Поднявшись во второй этаж, стучусь в конце коридора в указанную мне палату. За дверью раздается спокойный, низкий голос Михаила Михайловича:
– Войдите.
Громов – в халате, за столом, откладывает книгу и встает.
– Наконец-то собрались, – говорит он, здороваясь, тоном дружеского упрека. В больничном халате Громов кажется выше, заметно осунулся, побледнел.
С мужественного лица исчез обычный свежий загар, отличающий людей воздуха. Но и в халате, и в больничной обстановке облик Михаила Михайловича оставляет впечатление подтянутости и бодрости, свидетельствующей о несокрушимом душевном равновесии. Пояс халата так же туго стягивает его талию, как и ремень гимнастерки. Спокойны, уверенны его неторопливые слова и жесты.
– В первый раз, утром, – говорит Михаил Михайлович, – проснувшись в госпитале, я просто сам себе не поверил...
Лучшие пилоты страны готовились к перелету, который должен был удивить мир. Экспедиция Шмидта уже вылетела на остров Рудольфа, центральные газеты отводили целые страницы героям воздуха... Стояли чудесные весенние дни, а Герой Советского Союза Михаил Громов лежал в госпитале.
Можно было вознегодовать на судьбу, упасть духом, распустить нервы. Громов встретил это житейское испытание спокойно. «Чтобы хорошо владеть самолетом, – всегда говорит Громов, – надо прежде научиться владеть собой».
Помогая врачам, точно исполняя все их предписания, Громов и в больничной палате сохранял обычное свое равновесие духа и так же изумительно владел собою, как за рулем при прохождении тумана.
Вспоминается один малоизвестный, но замечательный случай из пилотской юности Михаила Громова. Это было в годы, когда о слепых полетах еще не имели понятия. Летали на самолетах без навигационных приборов, ориентируясь по земле и небу, когда пилот больше всего полагался на свой глазомер и чутье.
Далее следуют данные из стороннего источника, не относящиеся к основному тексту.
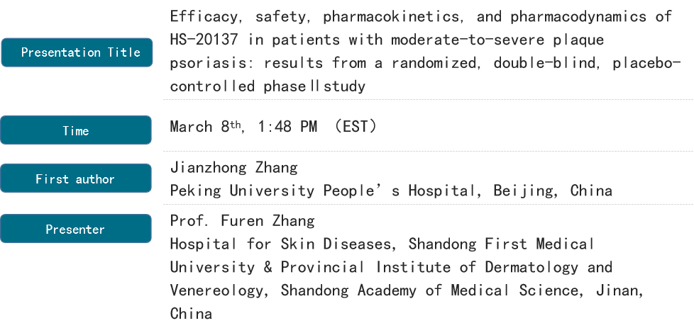 The results of phase 2 study further demonstrated the efficacy of HS-20137 for its treatment of psoriasis, and further supported the results observed in the Phase I study published in JAMA Dermatology[1].
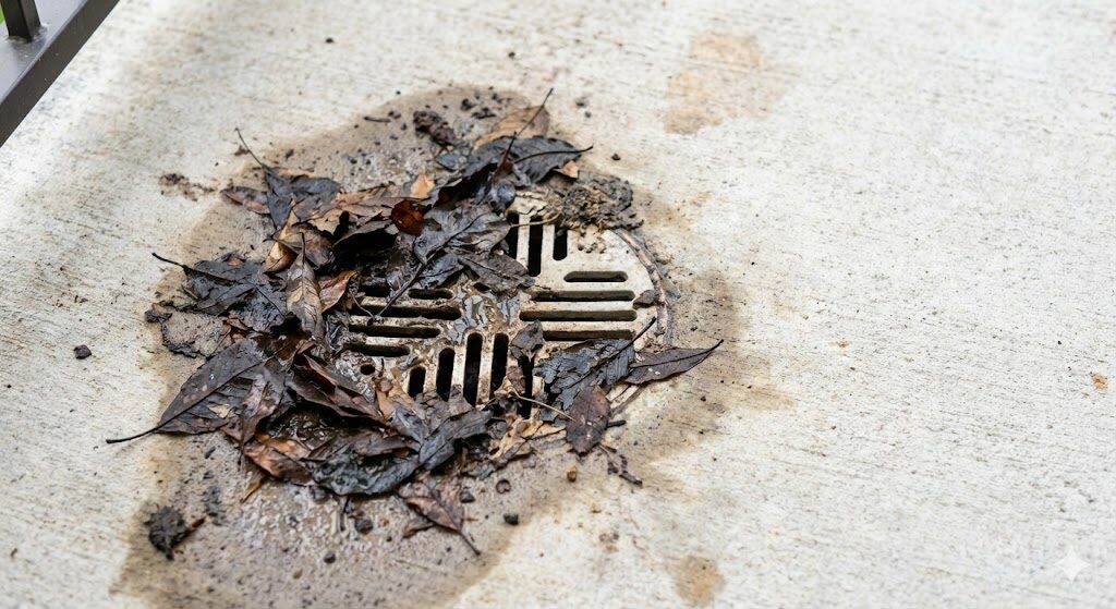 排水口(ドレン)の「落ち葉・泥」は詰まりの原因!必ず取り除く

Глубокой осенью Михаил Михайлович с бортмехаником вылетел из Москвы в Севастополь на воздушные состязания. Позади, в Москве, была слякоть, впереди – синее море, крымское солнце. В районе Серпухова начался густой туман. Слева надвигалась грозная, непроницаемая стена, еще можно было уйти от нее, повернув назад, но тогда сорвались бы состязания. Громов, рассчитывая на свое искусство и волю, продолжал полет на самолете без приборов в тумане.
Пилоты перестали видеть друг друга, исчезли небо и земля, плотная влажная повязка легла на глаза Громова, и он тут же почувствовал, как самолет валится на крыло... Громов продолжал полет, сохраняя самообладание.
Этот в буквальном смысле слова слепой полет продолжался очень долго. Наконец туман начал редеть, в разрывах облаков внизу зачернело пахотное поле.
После этого полета могли ли испугать Михаила Михайловича Громова слепые полеты на самолетах, вооруженных точнейшими приборами, – хотя бы в арктическом тумане?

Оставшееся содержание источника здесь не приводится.